- Task details -
Filter the records for "marquer" and keep each line that has it.

- Records shown -
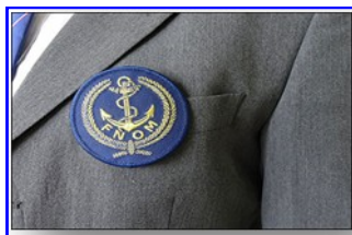
ECUSSON 2,50 €
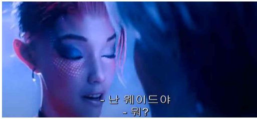
Parzival telling Samantha his real name (Wade) at Oasis
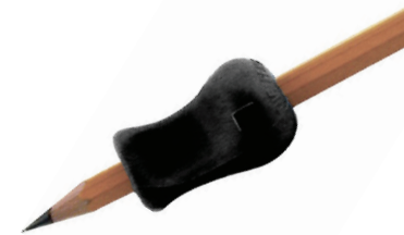
Aide pour marquer votre bulletin de vote
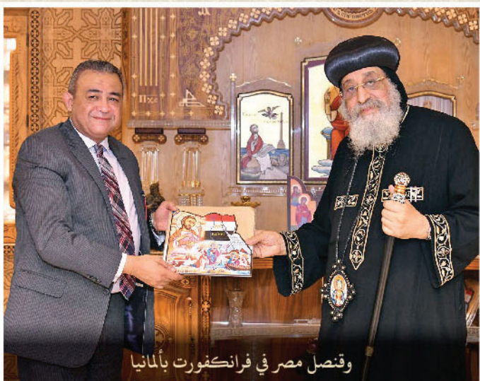
وقنصل مصر في فرانكفورت بألمانيا
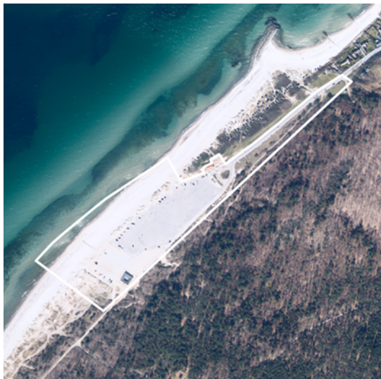
Foto: Området der er omfattet af lokalplan forslaget.
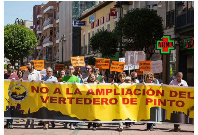
Manifestación contra la ampliación del vertedero de Pinto-Getafe.

Son algunos ejemplos de iniciativas de defensa de los ciclos de la naturaleza y su estrecha relación con la economía. La idea del crecimiento económico ilimitado choca frontalmente, con «el placer de vivir en armonía con el planeta tierra». Caminar en esta dirección, re-
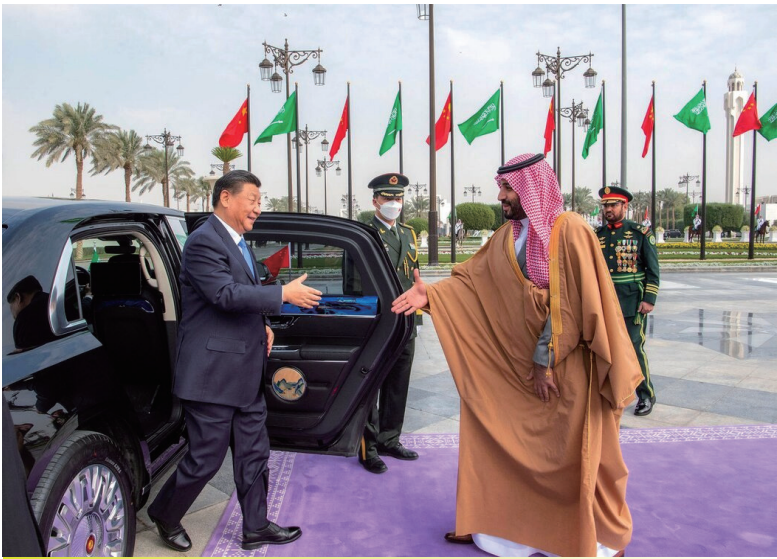
周四在沙特首都利雅德，穆罕默德·本·萨勒曼王储（右）迎接中国领导人习近平。

方“2030愿景”、“绿色中东”等一系列重大发展倡议，愿积极参与沙特工业化进程，助力沙特经济多元化发展……沙方愿同中方继续积极共建“一带一路”，扩大贸易与相互投资，欢迎更多中国企业积极参与沙特工业化进程，参加沙特重大基础设施建设和能源项目合作，加强在汽车、科技、化工、矿业等领域合作。
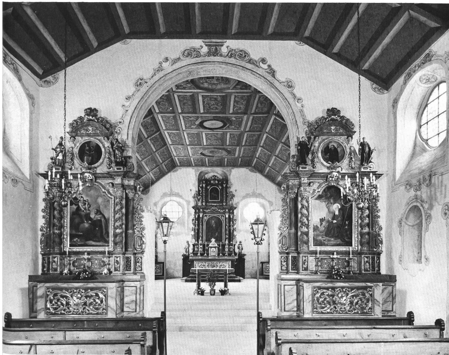
Die restaurierte Klosterkirche Beinwil vor dem Brand
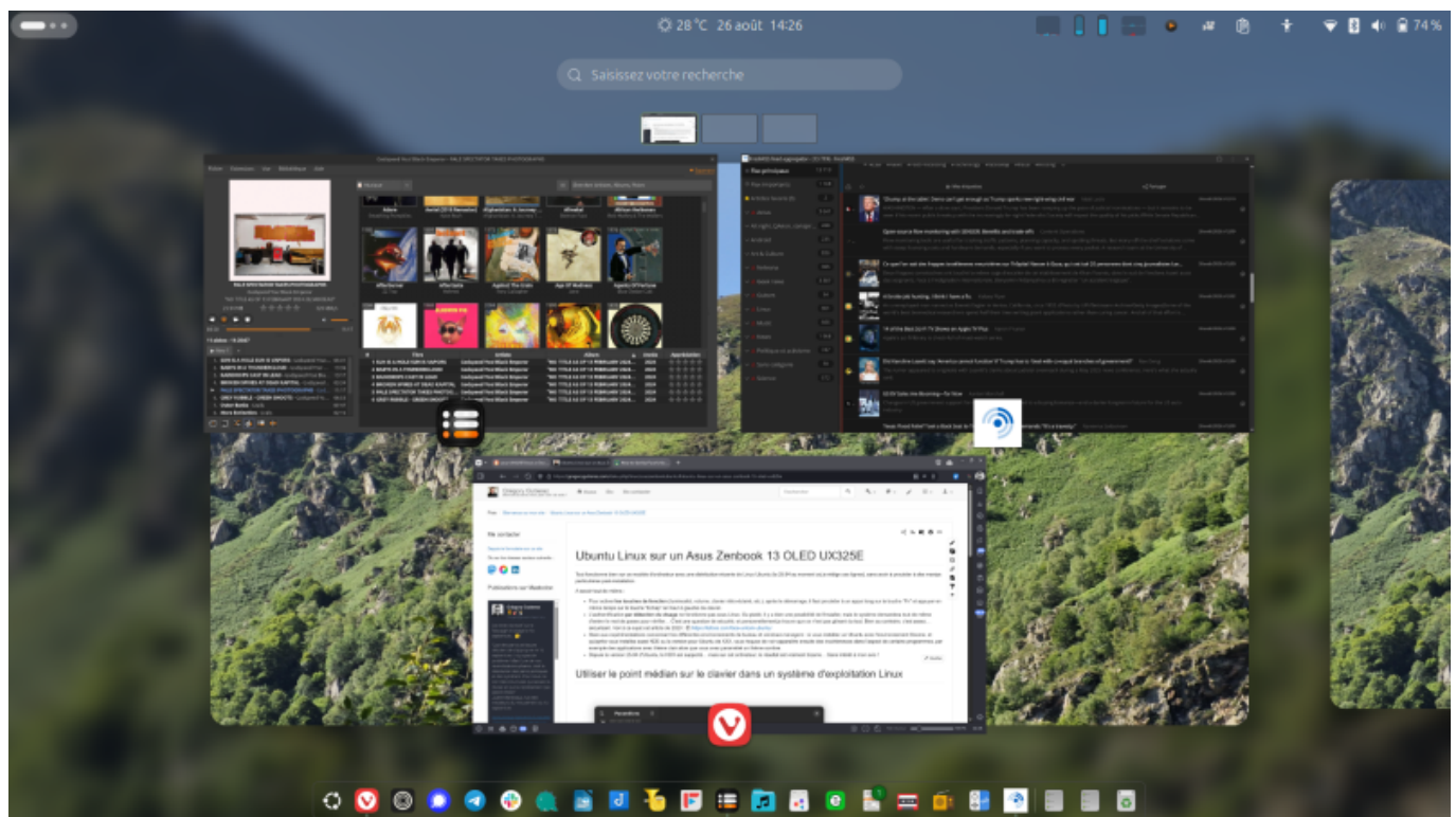
Capture d'écran d'Ubuntu 25.04 sur l'Asus Zenbook 13 OLED, montrant l'environnement de bureau Gnome avec 3 fenêtres ouvertes sur le premier bureau.

Tout fonctionne bien sur ce modèle d'ordinateur avec une distribution récente de Linux Ubuntu (la 25.04 au moment où je rédige ces lignes), sans avoir à procéder à des manip particulières post-installation.
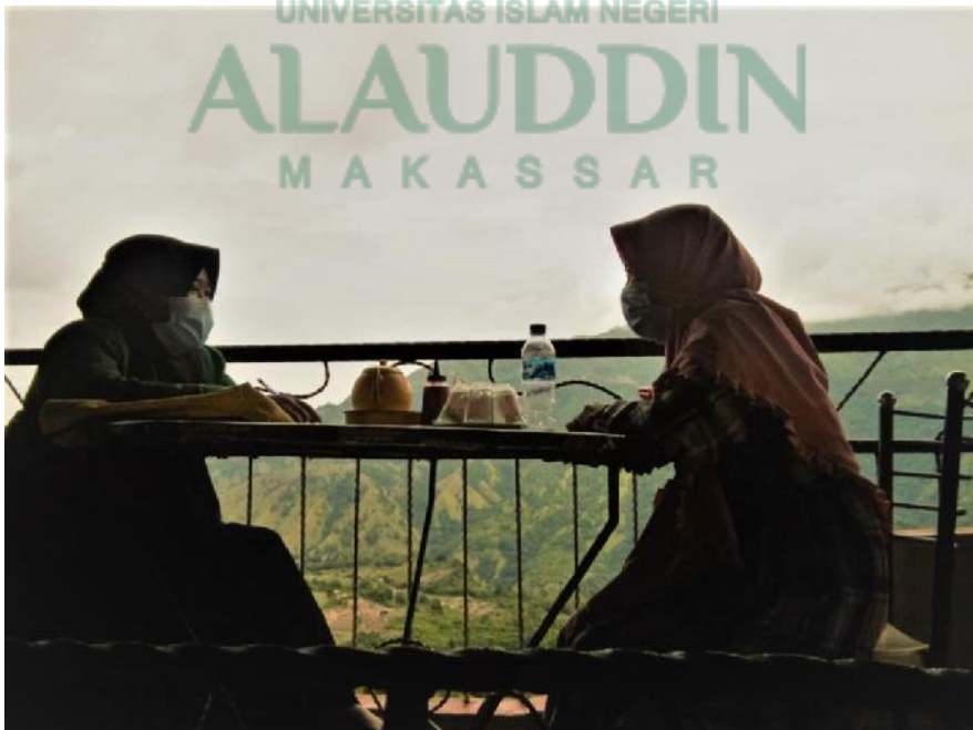
Wawancara Dengan Pengunjung
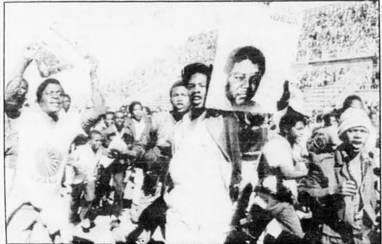
À Harare, au Zimbabwe, des membres en exil du Congrès national africain avaient organisé une manifestation de masse, hier, pour marquer le dixième anniversaire des événements de Soweto.
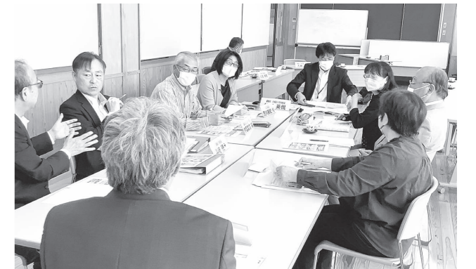
昨年5月24日に実施された第1回協議会の様子。

町では「学校運営協議会」を設置し、学校と家庭、地域が力を合わせて学校の運営に取り組んでいます。令和5年度は、昨年5月から今年2月にかけて計3回の協議会を実施。コミュニティ・スクールに指定されている「五城目小学校」「五城目第一中学校」の関係者や地域住民など、20人の委員が学校運営に関する課題や方針について協議しました。
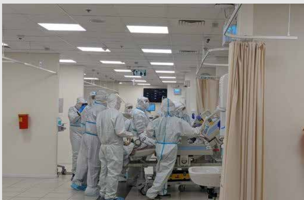
העברת המטופל הראשון למחלקת הכתר החדשה.

המחלקה החדשה והמאובזרת, בנויה בצמוד ובנגישות מלאה ומופרדת מיתר מחלקות ויחידות המרכז הרפואי. מכילה מתחמי ישיבה, מטבחון, שירותים מקלחות ופינת טלוויזיה ואזור ייעודי שמאפשר טיפול רפואי בחולי קורונה הסובלים מבעיות רפואיות אחרות שאינן קשורות בנגיף.

- Expected answer -
Aide pour marquer votre bulletin de vote
À Harare, au Zimbabwe, des membres en exil du Congrès national africain avaient organisé une manifestation de masse, hier, pour marquer le dixième anniversaire des événements de Soweto.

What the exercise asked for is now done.